A: The exponent rule a^m x a^n = a^(m+n) states that when we multiply two powers with the same base, we can add the exponents.
Q: How do I apply the exponent rule a^m x a^n = a^(m+n)?
A: To apply the exponent rule, simply add the exponents when multiplying powers with the same base. For example, 2^3 x 2^4 = 2^(3+4) = 2^7.
Q: What are some common mistakes to avoid when using the exponent rule a^m x a^n = a^(m+n)?
A: Some common mistakes to avoid when using the exponent rule include:
- Not using the rule correctly by adding the exponents when multiplying powers with the same base.
- Not simplifying expressions with exponents using the rule.
- Not calculating powers of a number correctly using the rule.
Q: Can I use the exponent rule a^m x a^n = a^(m+n) to simplify expressions with exponents?
A: Yes, the exponent rule can be used to simplify expressions with exponents.
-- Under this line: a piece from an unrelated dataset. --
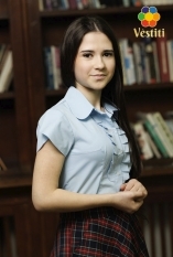 Această cămașă elegantă pentru fete este realizată dintr-un material plăcut la atingere și are un design rafinat cu jabou în partea frontală cu mâneca scurtă. Perfectă pentru evenimente școlare sau ocazii speciale, oferă un aspect clasic și sofisticat.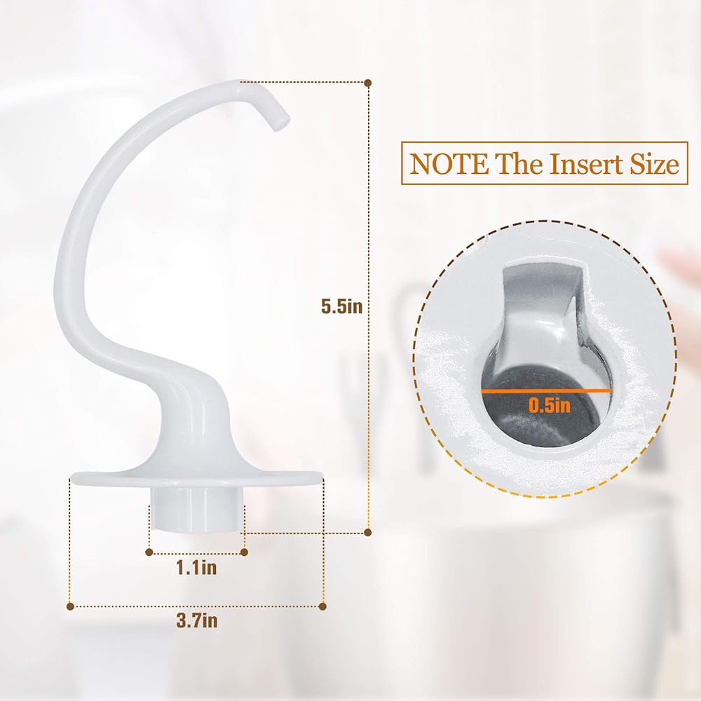 نماذج متوافقة - خطاف عجين K45DH للمطبخ. خلاط حامل 4.5/5 لتر، يستبدل W10674618، WPW10674618، 3183589، 9707671، 9708471، 4176069، 4162152. يبلغ طول خطاف عجينة الخلاط حوالي 5.5 بوصة وعرضه 3.7 بوصة.

For example, 2^3 x 2^4 = 2^(3+4) = 2^7.
Q: Can I use the exponent rule a^m x a^n = a^(m+n) to calculate powers of a number?
A: Yes, the exponent rule can be used to calculate powers of a number. For example, 3^2 x 3^4 = 3^(2+4) = 3^6.
Q: Can I use the exponent rule a^m x a^n = a^(m+n) to solve equations with exponents?
A: Yes, the exponent rule can be used to solve equations with exponents. For example, 2^x x 2^y = 2^(x+y).
Q: What are some real-world applications of the exponent rule a^m x a^n = a^(m+n)?
A: The exponent rule has many real-world applications in fields such as science, engineering, and finance. For example, in physics, the rule is used to calculate the energy of a system, while in finance, it is used to calculate the future value of an investment.
Q: How do I remember the exponent rule a^m x a^n = a^(m+n)?
A: Here are some tips to help you remember the exponent rule:
- Use the rule to simplify expressions with exponents.
- Use the rule to calculate powers of a number.
- Use the rule to solve equations with exponents.
Q: What are some common examples of the exponent rule a^m x a^n = a^(m+n)?
A: Some common examples of the exponent rule include:
- 2^3 x 2^4 = 2^(3+4) = 2^7
- 3^2 x 3^4 = 3^(2+4) = 3^6
- 4^2 x 4^3 = 4^(2+3) = 4^5
Q: Can I use the exponent rule a^m x a^n = a^(m+n) with negative exponents?
A: Yes, the exponent rule can be used with negative exponents. For example, 2^(-3) x 2^(-4) = 2^(-3-4) = 2^(-7).
Q: Can I use the exponent rule a^m x a^n = a^(m+n) with fractional exponents?
A: Yes, the exponent rule can be used with fractional exponents. For example, 2^(1/2) x 2^(1/4) = 2^(1/2+1/4) = 2^(3/4).
Conclusion
In conclusion, the exponent rule a^m x a^n = a^(m+n) is a fundamental concept in algebra that helps us simplify expressions with exponents. We have answered some frequently asked questions about the exponent rule and provided examples of how to apply it. We hope this article has been helpful in understanding the exponent rule and its applications.